When I refer to expectations, I am really referring to elements of the canonical hermit's foundational accountability. The rite of profession, as I have noted above, begins with a calling forth of the candidate and she responds, "Here I am Lord, I come to do your will!" She lives her life not just on their behalf but specifically accountable to them through legitimate superiors for a vocation and commission mediated to her by the church itself through her own local (diocesan and parish) communities. Beyond this, they support her in her vocation and are themselves challenged by it. Such relationships then are not insignificant but essential to the eremitical vocation and the life of the church itself. They are part of what I have identified in other places here as the "unique charism of the diocesan hermit." 
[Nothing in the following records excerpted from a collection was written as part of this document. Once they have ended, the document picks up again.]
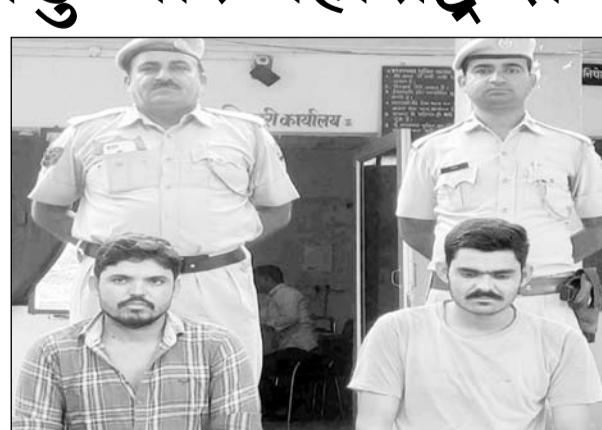
पुलिस की गिरफ्त में दुष्कर्म के आरोपी।
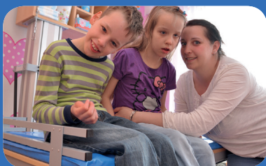
WbG zu Hause > S. 12 Spendenaktion unterstützt Familie Siems
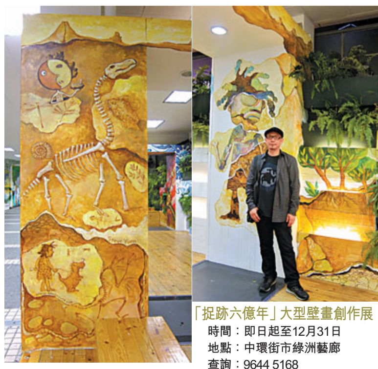
「捉跡六億年」大型壁畫創作展 時間：即日起至12月31日 地點：中環街市綠洲藝廊 查詢：9644 5168
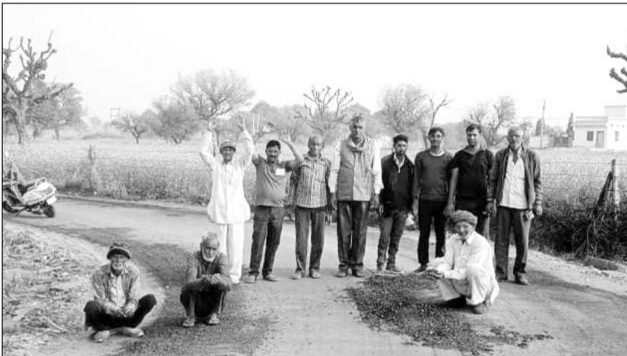
ग्रामीणों ने घटिया सामग्री का आरोप लगाते हुए विरोध प्रदर्शन किया।
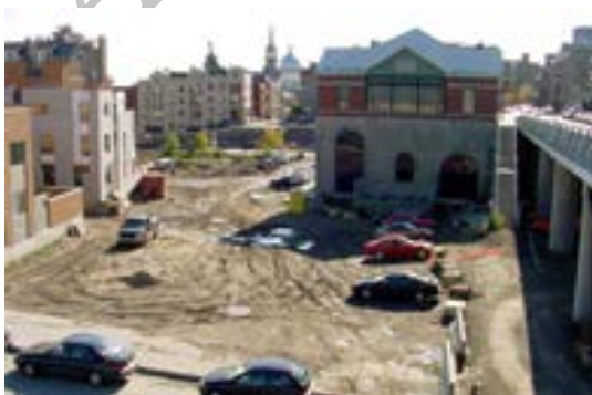
تصویر ۱۰. (قبل از اجرا) نمونه زیباسازی معابر در محله ساوت همپتون کانادا، قبل از اجرا؛ ماخذ: سازمان زیباسازی شهر تهران و جهاد دانشگاهی، ۱۳۹۱.

ج- طراحی محیطی و بهسازی فضای محلی مربوط به منطقه ای مسکونی، محله ساوت همپتون، کانادا: در این پروژه که در سطح طراحی فضای میان محله ای انجام شده است، بهسازی و طراحی پارک درون محله ای، کفسازی مطلوب و کاهش عناصر زائد محیطی مورد توجه قرار گرفته است.
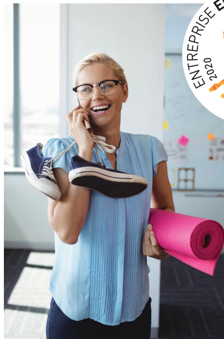
Habitudes de vie
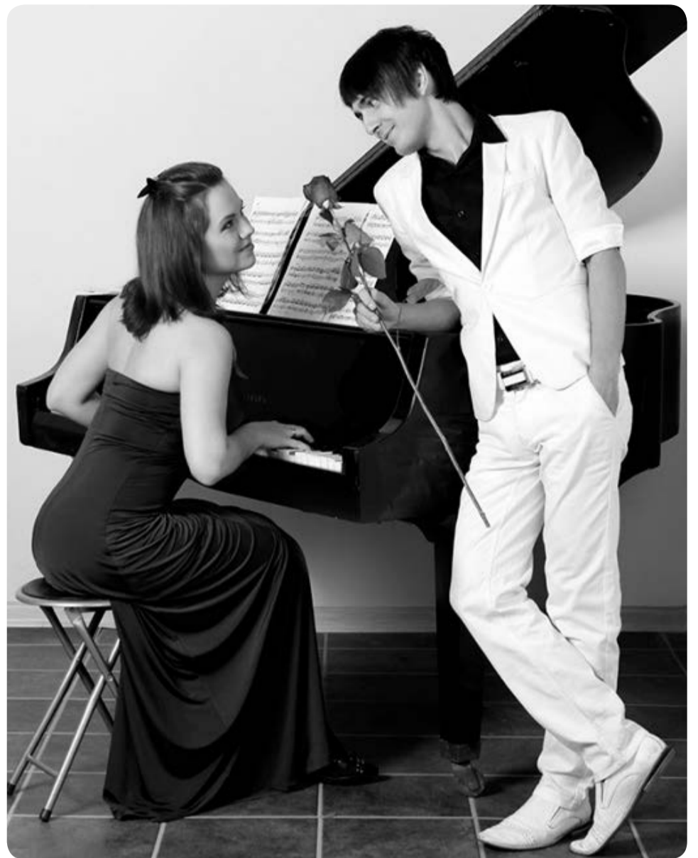
Музыка нас связала...

Павильон оказался обычным одноэтажным зданием. Когда мы туда пришли, в комнате для участников уже находились две пары из четырёх. Мы разговорились, и оказалось, что все немного волнуются. Редакторы успокаивали, рассказывали о том, что и как нужно будет делать, как себя вести, куда смотреть... Затем всех участников отправили к стилистам. Во время работы визажисты и парикмахеры постоянно болтали о том, над кем из звёзд и ведущих телевидения им довелось «поколдовать». А в результате их стараний мы и сами стали похожи на суперзвёзд. Потом прошла

 One friend, and also a diocesan hermit of 25 years explained it this way on hearing your question: [[. . .I can only say that for myself it was important that I would be called to accountability by the Praying Community, the Church for the vocation that God has given to me, I have been called by God from the praying community and for the Community and if I am to be authentic then I need the Church to hold me accountable for what God has given to the Church and to me. Also, in a way I am called to hold the Church, the praying community, accountable to support by their prayers and other means the gift that God has given the Church. I did not do it for "stature" in the church or recognition by the community but because we are all connected by God in whom we dwell. My understanding of Ecclesiology moved me to make vows within a diocese.]] (Sister Janet Strong, Er Dio, Diocese of Yakima) 
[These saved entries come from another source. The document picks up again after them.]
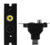
Option för video anslutningar S-video, Komposite / BNC in och ut
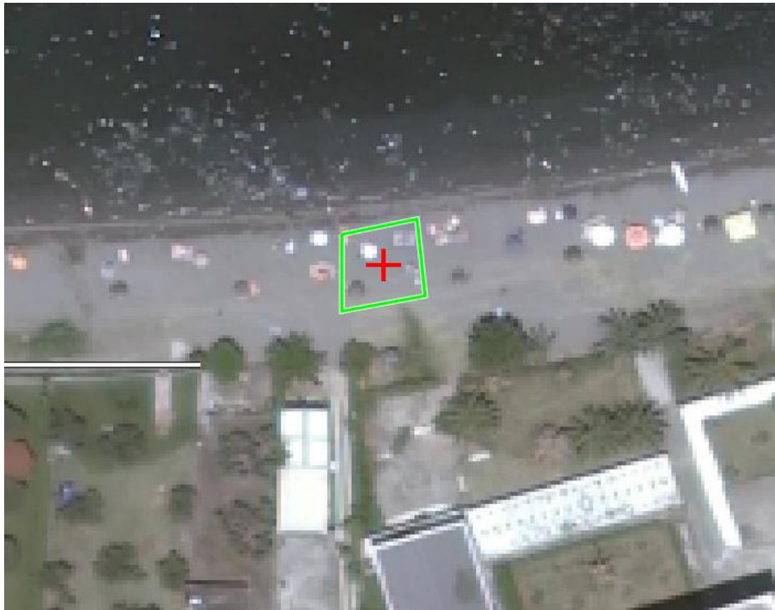
ΦΘΙΩ17 Α ΤΜΗΜΑ
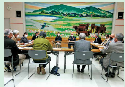
比和自治振興区さんと意見交換
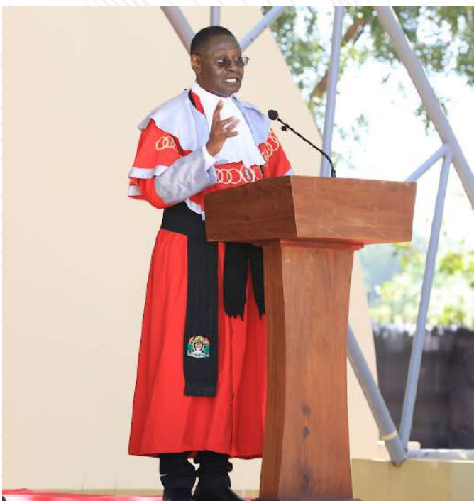
Jaji Mkuu wa Mahakama ya Tanzania, Mhe. Prof. Ibrahim Hamis Juma akizungumza na viongozi na watumishi pamoja na wananchi (hawapo pichani) walioshiriki sherehe za kilele cha Siku ya Sheria nchini tarehe 01 Februari, 2023 katika Viwanja vya Chinangali jijini Dodoma.
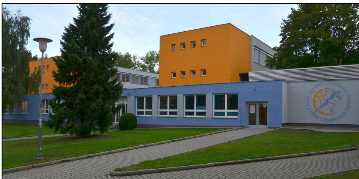
Areál Sportovního gymnázia Dany a Emila Zátopkových Ostrava

V listinné podobě je zpráva uložena na sekretariátě školy.

I think Sister Jan says it very well. Diocesan hermits care about canonical standing because it establishes them in a formal relationship which is lifegiving to both the hermit and the community from and for which she is called. We care because we know that such committed relationships are willed by God, and necessary for the salvation of all. We care because it is the will of God that we do so, because discipleship (ours and that of those we touch with our lives and witness) demands it, and because formal (canonical) standing allows us to live out our eremitical lives with faithfulness and integrity. I hope this helps. If it raises other questions or leaves aspects unanswered, please get back to me on it.

13 April 2008

Followup Question on the Eremitic Vocation and Contemptus Mundi

It seems my last answer on the idea of hermits being motivated by the need to escape the world raised further questions. Here is the followup:

[[ Okay. I get what you are saying about the hermit needing to be motivated by love, not the desire to escape the world in both senses you used the term. But couldn't a desire to escape from the world, or a refusal to understand it, be a form of genuine holiness, or a kind of rarified eremitical vocation? Don't we hear a lot about the idea of "hating" the world in spiritual writing? Are you saying none of this is legitimate?]]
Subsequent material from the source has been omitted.